▶ Work order: Transcribe the listing underneath, keeping each word exact and omitting the images.

▶ Data excerpt:
⁂

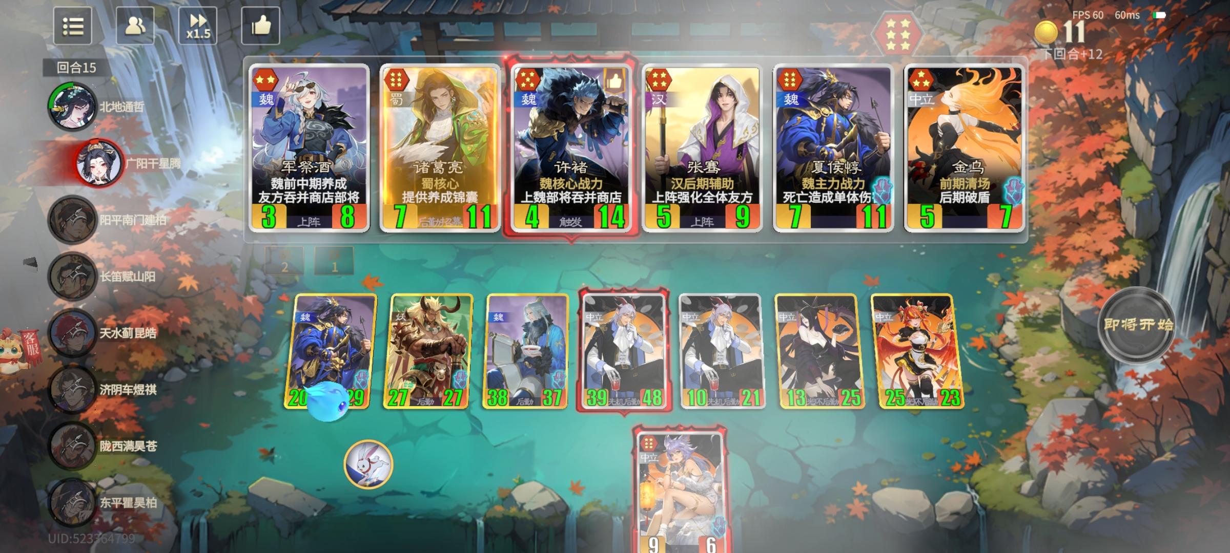 1.1先买招财获得一个金币,然后再买俩个羽林军。站位——羽林军 ,羽林军,招财1.2把招财卖掉,购买霍去病李广吕后卫子夫。站位——羽林军,羽林军,霍去病,吕后,卫子夫,李广。2.1购买张星彩,白毦兵,主公技能给甘夫人。站位——张星彩,白毦兵,甘夫人。2.2购买张飞,关羽,白虎,主公技能还是给甘夫人。站位——张飞,关羽,张星彩,白毦兵,甘夫人,白虎。2.3将锦囊全部丢给张飞
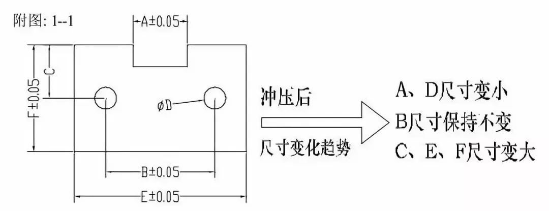 公差取值方向参考图 1-1。对于冲裁后会变大的尺寸,加工图尺寸为其下偏差的 2/3,对于冲裁后会变小的尺寸,加工图尺寸为其上偏差的 2/3。对于孔心距和孔边距等冲裁后尺寸基本保持不变的,则按中间公差取值。
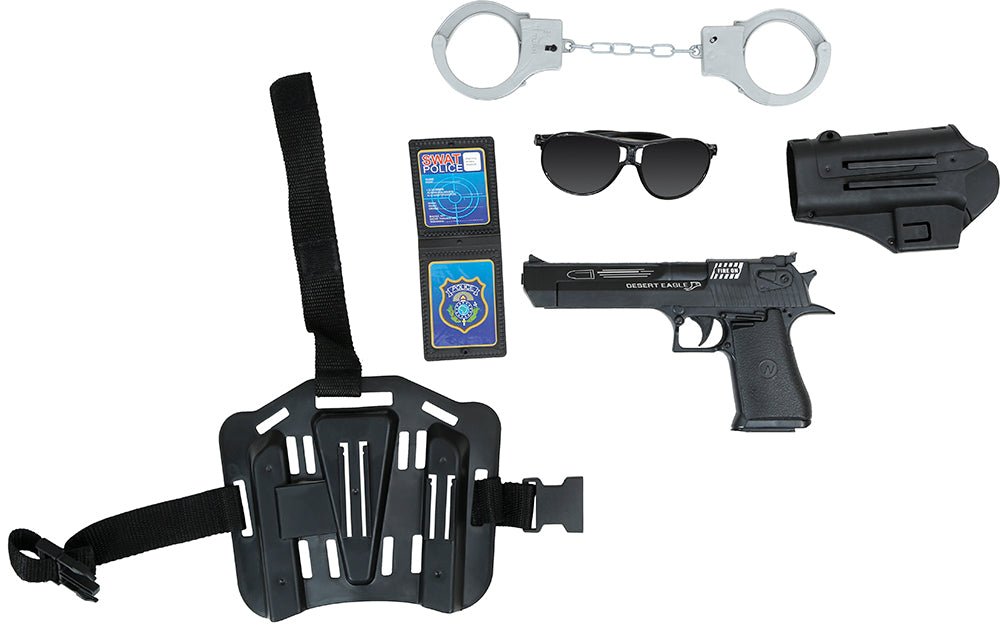 Police Dress Up Set - 6-Piece är det perfekta setet för unga detektiver som gillar att ta på sig rollen som en riktig polis. Med det här kompletta svarta setet kan barnen ha massor av fantasi, rollspel och spännande äventyr. Perfekt för maskerad, karneval, skolaktiviteter eller vardagsskoj.

⁂

▶ Reply:
 1.1先买招财获得一个金币,然后再买俩个羽林军。站位——羽林军 ,羽林军,招财1.2把招财卖掉,购买霍去病李广吕后卫子夫。站位——羽林军,羽林军,霍去病,吕后,卫子夫,李广。2.1购买张星彩,白毦兵,主公技能给甘夫人。站位——张星彩,白毦兵,甘夫人。2.2购买张飞,关羽,白虎,主公技能还是给甘夫人。站位——张飞,关羽,张星彩,白毦兵,甘夫人,白虎。2.3将锦囊全部丢给张飞
 公差取值方向参考图 1-1。对于冲裁后会变大的尺寸,加工图尺寸为其下偏差的 2/3,对于冲裁后会变小的尺寸,加工图尺寸为其上偏差的 2/3。对于孔心距和孔边距等冲裁后尺寸基本保持不变的,则按中间公差取值。
 Police Dress Up Set - 6-Piece är det perfekta setet för unga detektiver som gillar att ta på sig rollen som en riktig polis. Med det här kompletta svarta setet kan barnen ha massor av fantasi, rollspel och spännande äventyr. Perfekt för maskerad, karneval, skolaktiviteter eller vardagsskoj.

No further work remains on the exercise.